Given that my primary source of pageviews is no longer a Russian indexing bot, I thought I should dot some i's and cross some t's.
I realized I hadn't been completely rigorous in the fitting (and reporting of the fit parameters) in some of the previous posts. Specifically, the prescription that

$$
\kappa = \frac{\log MB(t)/C_0}{\log NGDP(t)/C_0}
$$
left out a normalization factor/units of measurement (effectively taken to be $C_0 = 1 \text{ G}\$$ in the previous results). There is an overall normalization to the CPI (and GDP deflator) that I mentioned before, as well as the reference constants $Q^s_{ref}$ (the reference constant $Q^d_{ref}$ can be subsumed into the CPI normalization). That means that there are effectively three degrees of freedom in the model.

$$
P = \frac{1}{\kappa} \left( \frac{Q^d_{ref}}{Q^s_{ref}} \right) \left( \frac{Q^s}{Q^s_{ref}} \right)^{1/\kappa - 1}
$$
The fit parameters with this form of the model are (using the FRED data sets for CPI less food, energy normalized to 1 instead of 100, the St.

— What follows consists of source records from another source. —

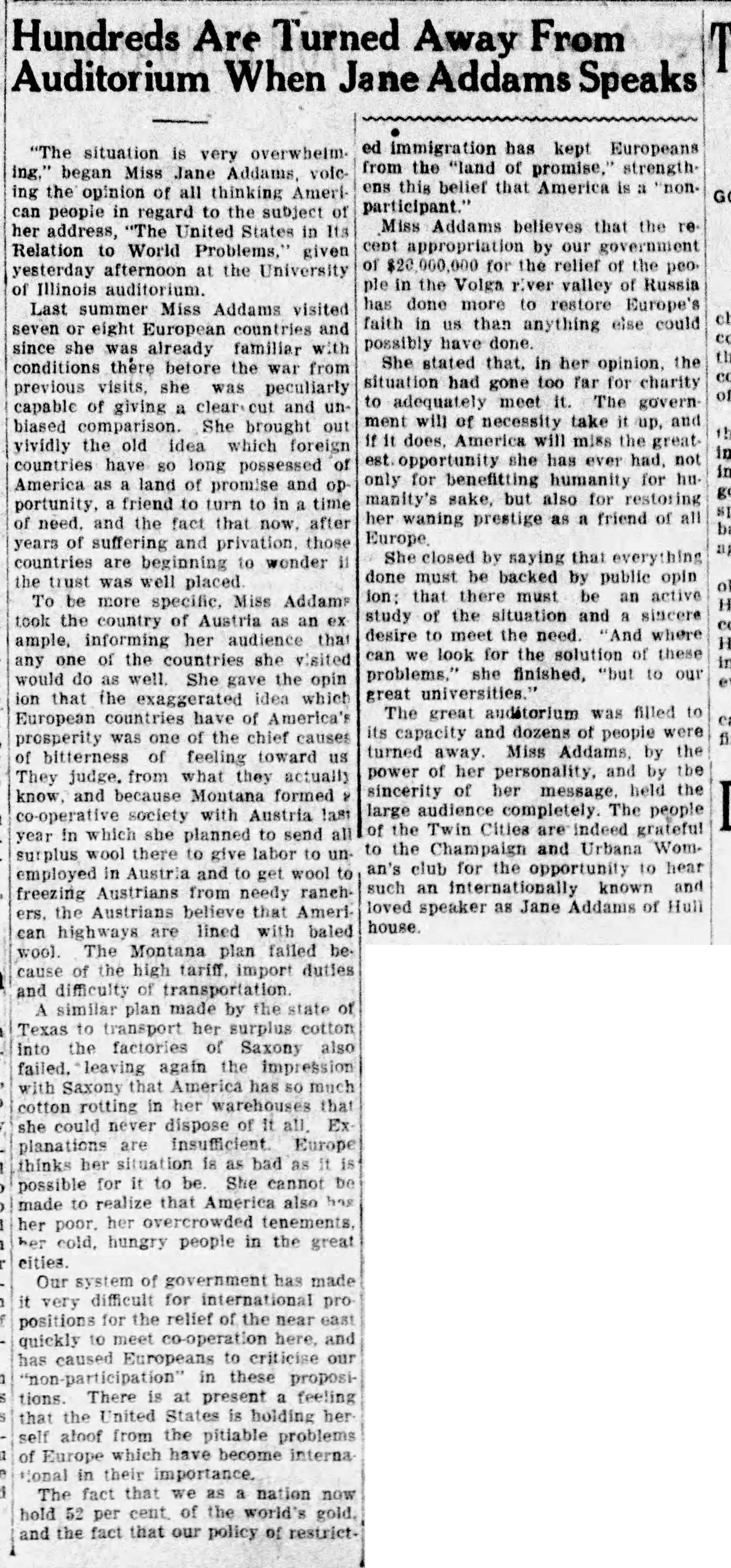 The great auditorium was filled to its capacity and dozens of people were turned away. Miss Addams, by the power of her personality, and by the sincerity of her message, held the large audience completely. The people of the Twin Cities are indeed grateful to the Champaign and Urbana Women's Club for the opportunity to hear such an internationally known and loved speaker as Jane Addams of Hull House.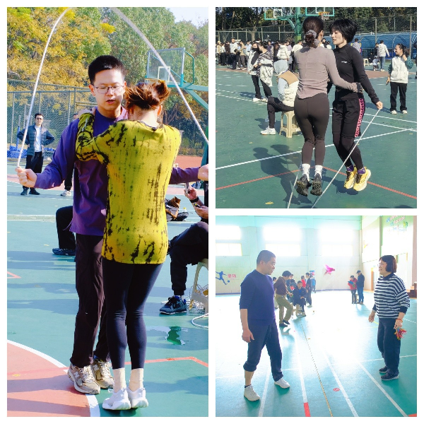 “双人一心,绳采飞扬”双人跳绳中,余小雪老师与周雯婷老师为一组,许军老师与潘琼老师为一组,他们配合默契,绳影翻飞间如蝴蝶穿花,以稳定的节奏在60秒内创下佳绩。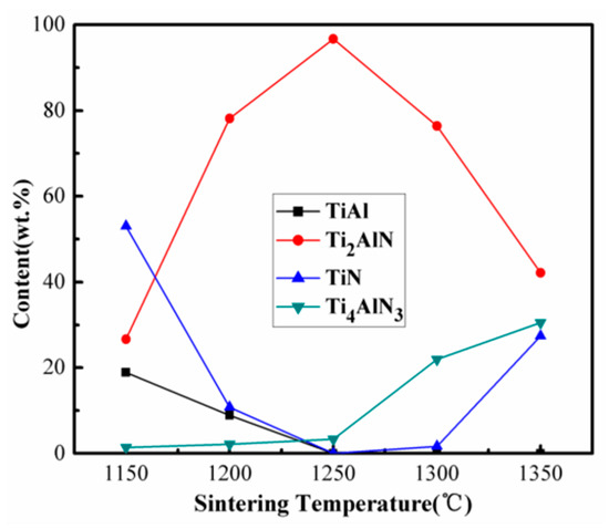 The relative contents of TiAl, Ti2AlN, TiN, and Ti4AlN3 in the resultant products of the 1TiH2/1.15Al/1TiN system sintered for 30 min at different temperatures (1150–1350 °C) are displayed in Figure 7. It is clear that the relative content of Ti2AlN increased greatly and those of TiAl, Ti2AlC, and TiC impurity phases declined at a sintering temperature higher than 1150 °C. The relative contents of Ti2AlN and Ti4AlN3 at 1250 °C were calculated as 96.68 and 3.32 wt %, respectively. However, when the temperature further increased, the relative content of Ti2AlN gradually decreased, and those of Ti4AlN3 and TiN increased due to the transformation of Ti2AlN into Ti4AlN3. Therefore, 1250 °C was set as the most appropriate temperature to synthesize Ti2AlN.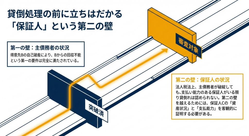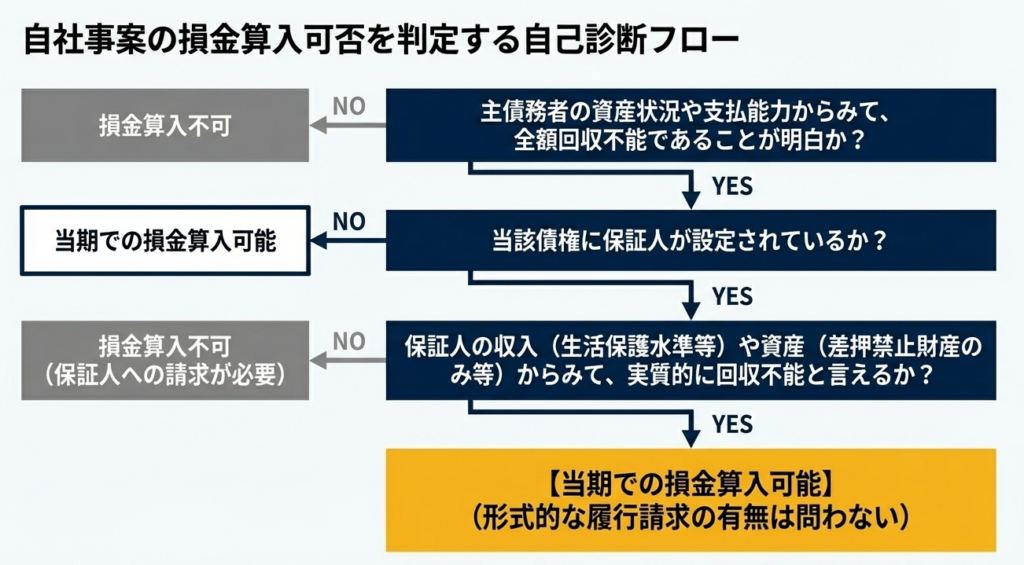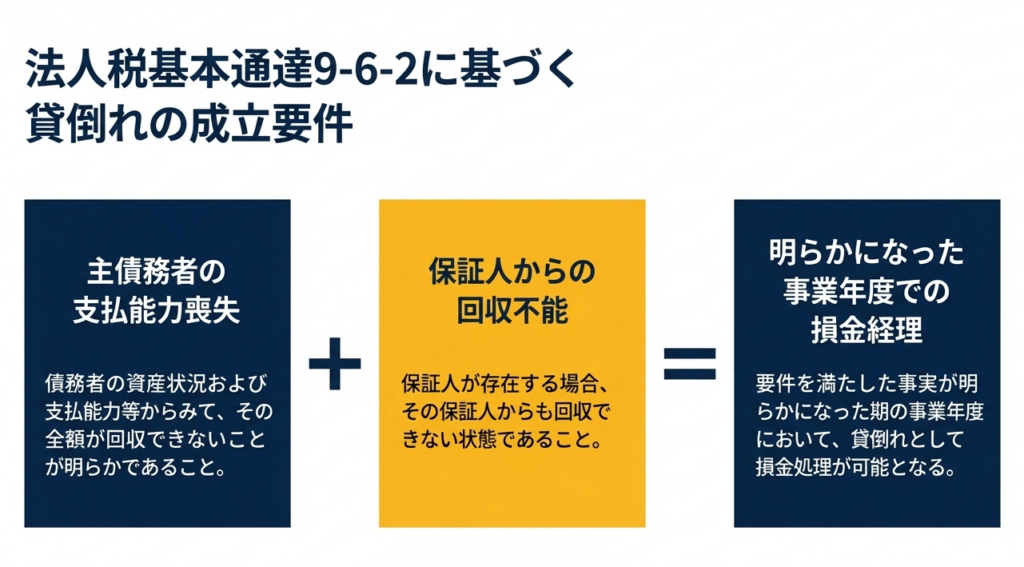 | 保証人がいる場合の特則 | 保証人があるときは、保証人からも回収できないときに貸倒処理が可能。 | 保証人は「第二の支払原資」です。主債務者の破綻=貸倒れではなく、保証人の資力まで調査が及んでいることが、損金算入の必須条件となります。 |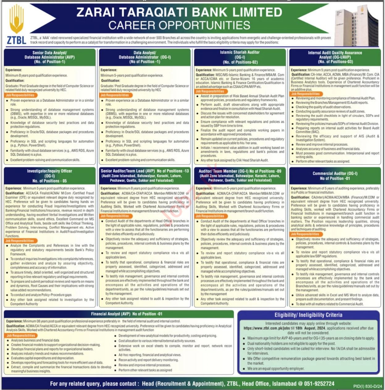 Zarai Taraqiati Bank Limited ZTBL jobs advertisement dated about 4 August 2024 in daily Jang Newspaper invites application for the vacant post of Islamic Shariah Auditor, Team Lead Avp, Data Analyst, Database Administrator, Investigator, Inquiry Officer, Financial Analyst, Commercial Auditor, Internal Audit Quality Assurance Analyst, Team Member and Auditor in Islamabad, islamabad Islamabad Pakistan. Educational qualifications required Bachelor, Master, MS and MBA etc.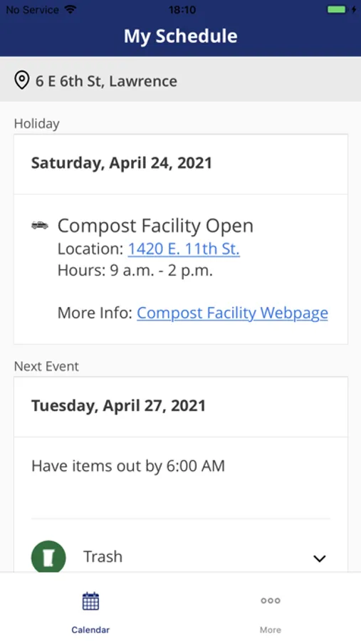 Garbage and recycling schedules and reminders for City of Lawrence. View your garbage and recycling schedule and receive collection notifications all from within this app.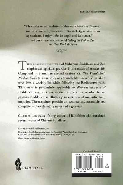 This classic scripture of Mahayana Buddhism and Zen emphasizes spiritual practice in the midst of secular life. Composed in about the second century CE, The Vimalakirti Nirdesa Sutra tells the story of a householder named Vimalakirti who lived a worldly life while following the Bodhisattva path. This sutra is particularly applicable to Western students of Buddhism because it teaches that people in the secular life can practice Buddhism as effectively as members of monastic communities. The translator provides an accurate and accessible text complete with explanatory notes and a glossary.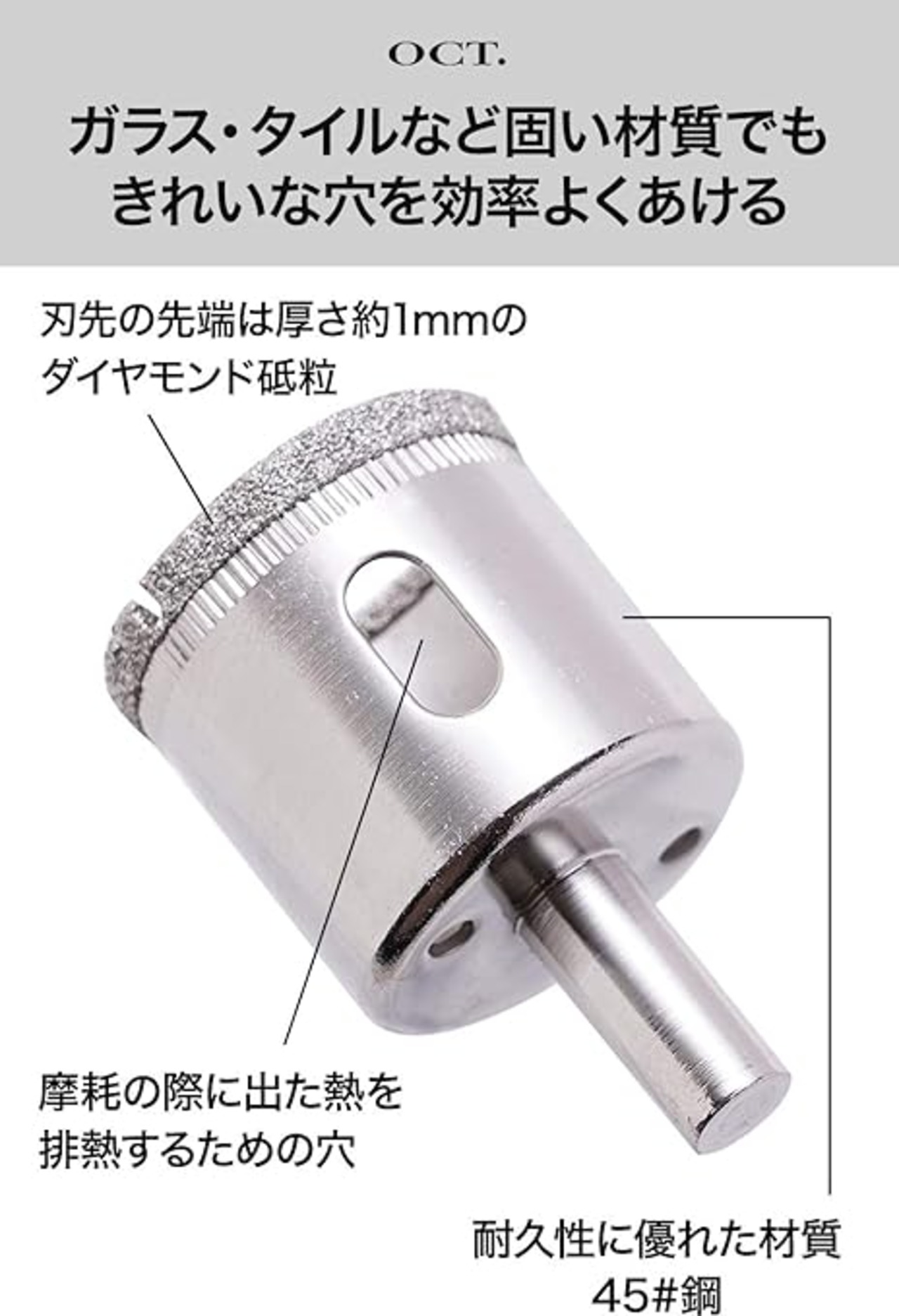✅1【 ダイヤモンドホールソー 】 様々な素材に穴を開けたいときに使用するホールソー。ドリルドライバーやインパクトドライバーに取り付けて使う工具です。ゆがみのないきれいな丸い穴を開けられるためDIYでも大活躍のアイテムです。「OCT.」製のホールソーは、先端にダイヤモンド砥粒付きの「ダイヤモンドホールソー」仕様です。ガラス、タイル、大理石や花崗岩などの硬い材質も、効率よく穴をあけることが可能です。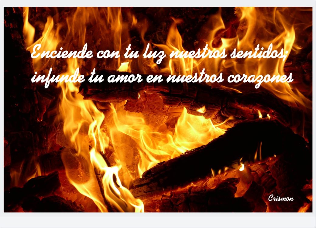 Ven, Espíritu Creador, visita las almas de tus fieles y llena de gracia los corazones, que Tú mismo creaste. Tú eres nuestro Consuelo, don de Dios Altísimo, fuente viva, fuego, caridad y espiritual unción. Tú derramas sobre nosotros los siete dones; Tú, el dedo de la mano de Dios; Tú, el prometido del Padre; Tú, que pones en nuestros labios los tesoros de tu palabra. Enciende con tu luz nuestros sentidos; infunde tu amor en nuestros corazones; y, con tu perpetuo auxilio, fortalece nuestra débil carne. Aleja de nosotros al enemigo, danos pronto la paz, sé Tú mismo nuestro guía, y bajo tu dirección, evitaremos todo lo malo. Que por Ti conozcamos al Padre, y también al Hijo; y que en Ti creamos en todo tiempo.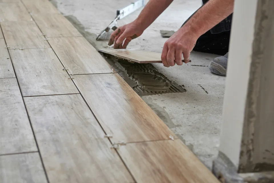 Installation de carreaux qui reproduisent l'aspect du bois, de la pierre ou du béton pour un style authentique sans les inconvénients.

Louis Adjusted Monetary Base and the nominal GDP): $C_0 = 1.17 \text{ G}\$$, $Q^d_{ref} / Q^s_{ref} = 1.38$, and $Q^s_{ref} = 732.3 \text{ G}\$$. I show the graphs from the previous results using these parameters at the bottom of the post.

A couple of points about the naturalness of the fit:

- There is an overall unit reparameterization invariance. I can change the units from Dollars to Euros and I would get the same results as long as I changed the dimensionful constants from Dollars to Euros.
- Why is $C_0 = 1.17 \text{ G}\$$? Well, one way to justify it is to invoke an anthropic principle: the reason these constants are what they are is because we are near the time when the quantity theory of money was discovered and so $\kappa$ must be approximately $1/2$.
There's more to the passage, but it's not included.